Paula lo miró con expresión pensativa y de repente tuvo la impresión de que la estaban manipulando, aunque no supo cómo.
—¿Estás tramando algo?
—Solo intento ser tu amigo, nada más. Me lo paso bien a tu lado y quiero echarte una mano para que no me des la patada. Edilean es un lugar aterrador.
Kim no pudo evitar reírse.
—¡Lo será cuando mi hermano recuerde dónde te ha visto antes! En aquel momento, no entendí por qué te tapabas la cara. ¿De verdad estuviste a punto de matarlo?
—Sí —reconoció—. Casi me da un infarto. Allí estaba yo, en Marruecos, intentando recortarle tiempo a Jake Jones con Ernie, mi mecánico, que era quien llevaba el mapa. Tomé una curva cerrada y apareció un tío cruzando la calle con un burro tan cargado de cajas que el pobre tenía las patas dobladas por el peso.
—Típico de Ruben, sí —comentó ella.
Pedro se levantó y fingió estar sentado tras el volante.
—Antes de tomar la curva, me di cuenta de que había gente gritándonos algo en árabe. No sé tú, pero mi árabe es bastante limitado. Solo sé decir «no» y «gracias». ¿Cómo iba a saber que nos estaban advirtiendo de que un médico estadounidense al que le faltaba un tornillo estaba deambulando por el trazado del rally?
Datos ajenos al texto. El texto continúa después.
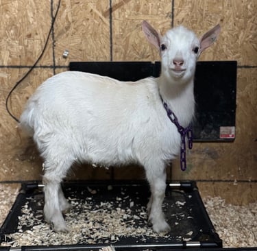 We currently have three Nigerian Dwarf bucks in our herd. Stratton Creek Bad Moon Rising is our patriarch at almost two years old. His son, Knispel Farms Moon Dance is poised to become our next herd sire, bringing in fresh genetics that we are thrilled about. By closely monitoring the growth rates, maternal milking volumes and overall conformation of these bucks, we aim to refine our future breeding plans, ensuring that we continue to enhance the quality and characteristics of our herd for years to come.

—¿El tuyo era el único coche?
—¡Joder, no! Íbamos detrás de Jake. No había manera de adelantarlo. Le había hecho algo al sistema de inyección, pero no conseguí averiguar qué era exactamente. Cada vez que me acercaba a él, cambiaba de marcha y se alejaba, lanzándonos una lluvia de piedras. Me dejó la luna delantera hecha un desastre. —Pedro se inclinó, sin soltar el volante invisible—. En fin, que allí estaba yo gritándole a Ernie, porque en un rally hay que hablar a grito pelado, que qué era lo que nos decía toda esa gente, y él va y me suelta que como no disminuya la velocidad me voy a cargar el sistema de transmisión, cuando de repente, ¡pum!, aparece ese tío.
—Con un burro —añadió Paula.
—Que se quedó paralizado. El burro tenía dos dedos de frente y supo reconocer el peligro.
—Pero mi hermano no.
—¡Ahí le has dado! Miró hacia el coche que se acercaba a él casi a ciento noventa y...
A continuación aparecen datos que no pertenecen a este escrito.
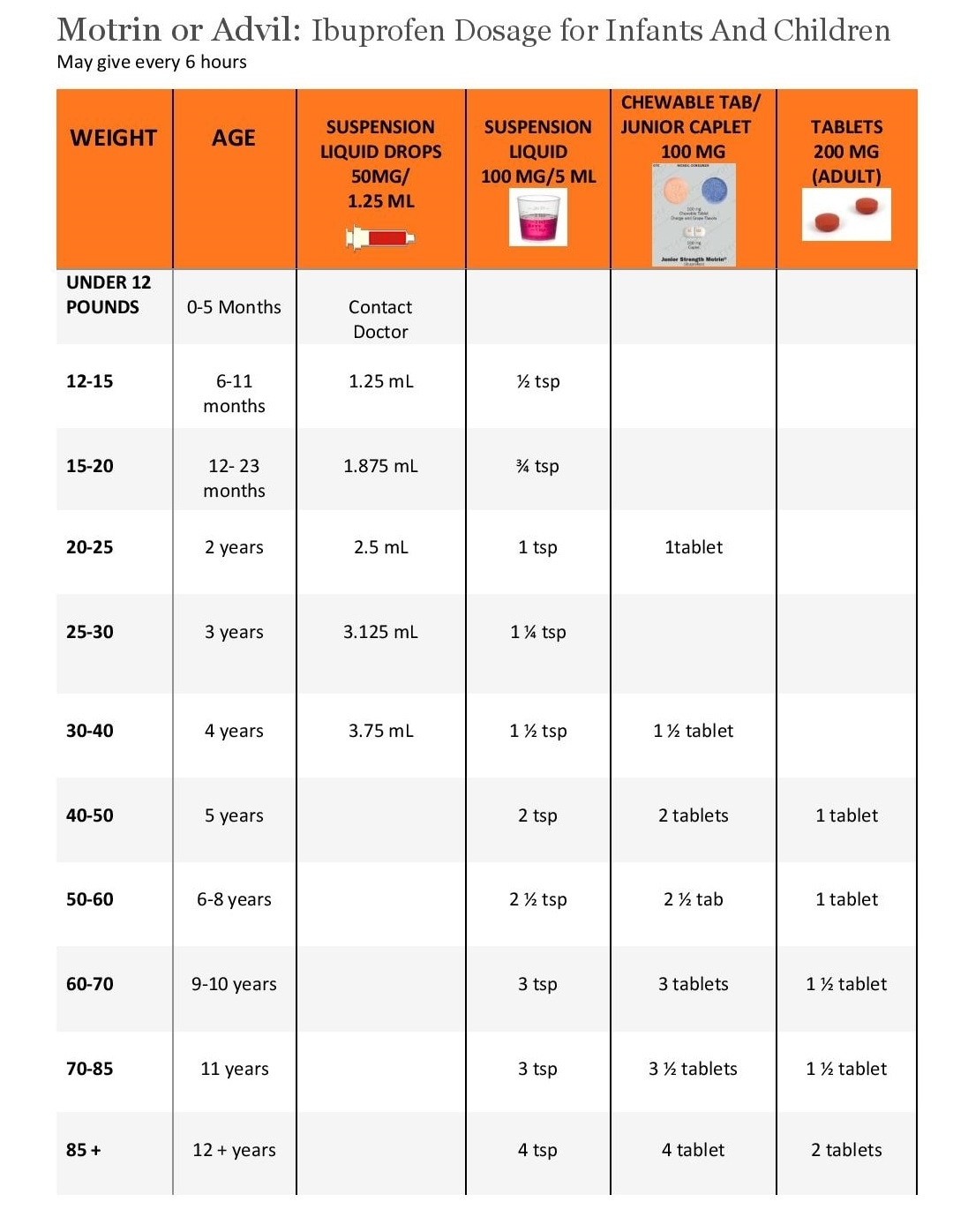 Printable Infant Tylenol Dosage Chart

—Habías aminorado la velocidad para tomar la curva —comentó Paula con solemnidad.
—Sí, lo hice —replicó Pedro, que parecía encantado con su suposición—. Si tu hermano estaba asustado, lo disimulaba muy bien. Se limitó a mirarme con el ceño fruncido como si yo fuera una molestia, y después se volvió para tirar de la cuerda del burro.
—¿Cuándo pasó todo esto?
—En el año 2005.
—¡Por Dios! —exclamó Paula—. Eso fue poco después de que su novia de toda la vida lo dejara. Seguro que estaba en la fase aquella en la que su vida le importaba un pimiento.
—Yo me sentiría igual si me echaras de tu vida y me dijeras que no volviera jamás —comentó Pedro, aunque se apresuró a retomar el relato—. Cuando grité, Ernie alzó la vista del mapa y se puso a chillar como una nenaza. Yo pegué un volantazo a lo bestia y pisé el freno a tope, vamos, que casi volcamos.
Paula lo escuchaba sin dar crédito a que hubiera dicho que se sentiría fatal si lo echaba de su vida.
—Supongo que... —comentó ella.
—Tu hermano se limitó a quedarse allí plantado, observándolo todo. Durante décimas de segundo nos miramos a los ojos, y tuvimos tiempo para vernos perfectamente. Fue una de esas ocasiones en las que el mundo parece detenerse. El burro se desplomó por el miedo y por eso se rompieron las cajas que llevaba encima.
—Y Ruben...
—Cuando conseguí enderezar el coche y ponerlo en la dirección correcta, tu hermano estaba hecho una fiera, despotricando contra nosotros. —Pedro se llevó una mano al corazón—. Te juro que es verdad, pero lo que yo quería era bajarme para ver si el burro estaba bien. No sabía que el contenido de las cajas fuera tan importante. Y entonces Ernie dijo: «¡Madre mía, es americano! No te pares o hará que nos detengan. ¡Corre, corre! Písale a fondo, tenemos que largarnos de aquí.» Y eso hice.
—¿Ganaste la carrera?
—Claro que no. La transmisión se fue al suelo ochenta kilómetros más adelante, en mitad de la nada. Estábamos tan alejados de la civilización que fueron a buscarnos en helicóptero.
Paula lo miró mientras él se sentaba de nuevo. No pudo evitar recordar al niño que se subió en su bicicleta.
—Estoy de acuerdo —dijo.
—¿En qué? —quiso saber él.
—Cuando mi hermano recuerde dónde te ha visto, irá a por ti con una escopeta.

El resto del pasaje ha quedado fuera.